Kubernetes objects are persistent entities in the Kubernetes system. Kubernetes uses these entities to represent the state of your cluster.

| Object          | Description                                                                                                                                                                                            |
| --------------- | ------------------------------------------------------------------------------------------------------------------------------------------------------------------------------------------------------ |
| **Pod**         | The smallest and simplest unit in the Kubernetes object model that you create or deploy. A Pod represents a set of running containers on your cluster.                                                 |
| **Service**     | An abstract way to expose an application running on a set of Pods as a network service.                                                                                                                |
| **Volume**      | A directory containing data, accessible to the containers in a Pod.                                                                                                                                    |
| **Namespace**   | A way to divide cluster resources between multiple users.                                                                                                                                              |
| **Deployment**  | Provides declarative updates for Pods and ReplicaSets. You describe a desired state in a Deployment, and the Deployment Controller changes the actual state to the desired state at a controlled rate. |
| **ReplicaSet**  | Ensures that a specified number of pod replicas are running at any given time.                                                                                                                         |
| **StatefulSet** | Manages the deployment and scaling of a set of Pods, and provides guarantees about the ordering and uniqueness of these Pods.                                                                          |
| **DaemonSet**   | Ensures that all (or some) Nodes run a copy of a Pod.                                                                                                                                                  |
| **Job**         | Creates one or more Pods and ensures that a specified number of them successfully terminate.                                                                                                           |
| **CronJob**     | Creates Jobs on a time-based schedule.                                                                                                                                                                 |

#### ⎈ Helm

Helm is a package manager for Kubernetes.

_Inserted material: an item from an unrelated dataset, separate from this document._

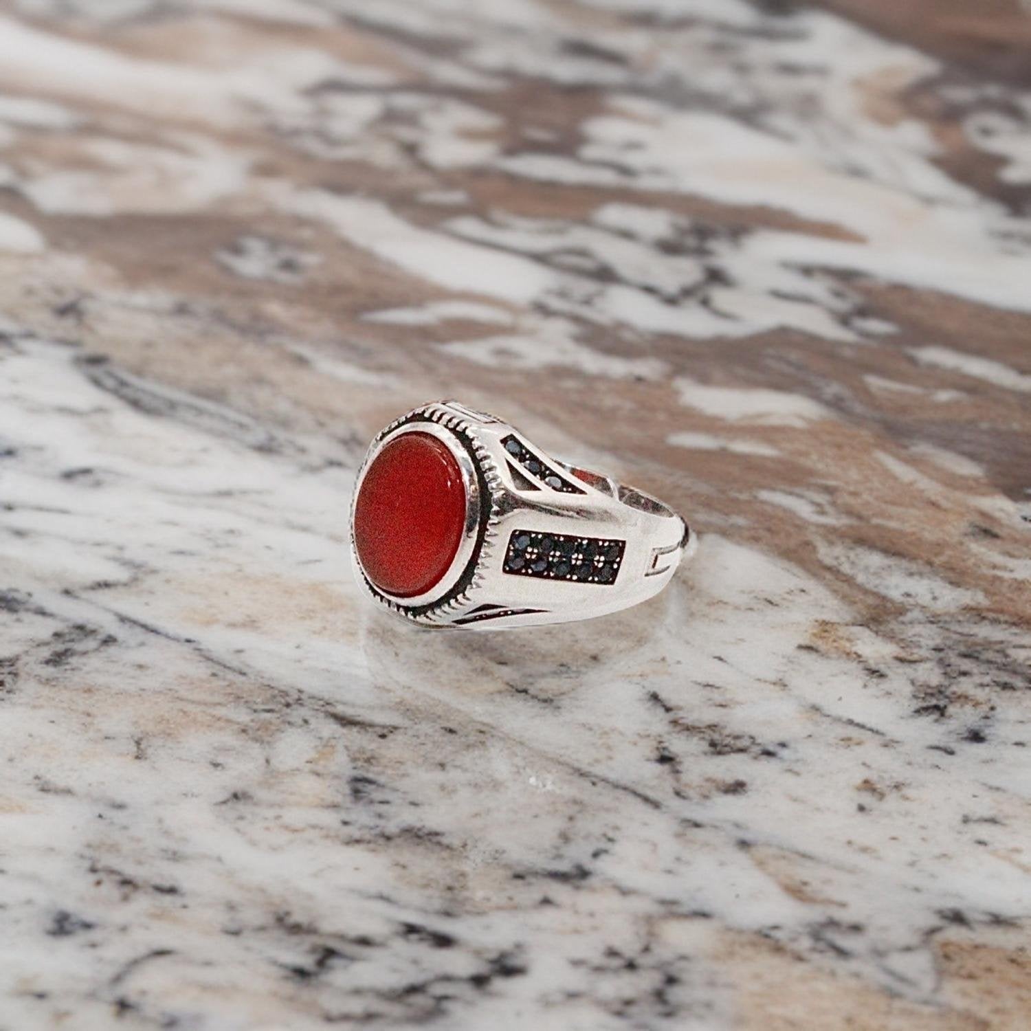 Sterling silver ring äkta orange opal sten persisk klackring för män

It helps you manage Kubernetes applications — Helm Charts help you define, install, and upgrade even the most complex Kubernetes application.

**🎯 Key Concepts**

| Concept        | Description                                                                                                                                                                           |
| -------------- | ------------------------------------------------------------------------------------------------------------------------------------------------------------------------------------- |
| **Chart**      | A Helm package. It contains all of the resource definitions necessary to run an application, tool, or service inside of a Kubernetes cluster.                                         |
| **Repository** | A place where charts can be collected and shared.                                                                                                                                     |
| **Release**    | An instance of a chart running in a Kubernetes cluster. One chart can often be installed many times into the same cluster. And each time it is installed, a new *release* is created. |

**🚀 Core Commands Kubernetes**

| Command          | Description                        | Example                                |
| ---------------- | ---------------------------------- | -------------------------------------- |
| `helm search`    | Search for charts in a repository. | `helm search repo stable`              |
| `helm install`   | Install a chart.                   | `helm install my-release stable/mysql` |
| `helm upgrade`   | Upgrade a release.                 | `helm upgrade my-release stable/mysql` |
| `helm uninstall` | Uninstall a release.               | `helm uninstall my-release`            |
| `helm list`      | List releases.                     | `helm list`                            |

#### 🏗️ Other Orchestration Platforms

**OpenShift**

**OpenShift** is a family of containerization software products developed by Red Hat. Its flagship product is the OpenShift Container Platform — an on-premises platform as a service built around Docker containers orchestrated and managed by Kubernetes on a foundation of Red Hat Enterprise Linux.

**Rancher**

**Rancher** is a complete software stack for teams adopting containers. It addresses the operational and security challenges of managing multiple Kubernetes clusters across any infrastructure, while providing DevOps teams with integrated tools for running containerized workloads.

**Mesosphere DC/OS**

**Mesosphere DC/OS** (the Datacenter Operating System) is a distributed operating system based on the Apache Mesos distributed systems kernel. It can manage multiple machines in a datacenter or cloud as if they’re a single computer. It provides a highly elastic, and highly scalable way of deploying applications, services, and big data infrastructure on shared resources.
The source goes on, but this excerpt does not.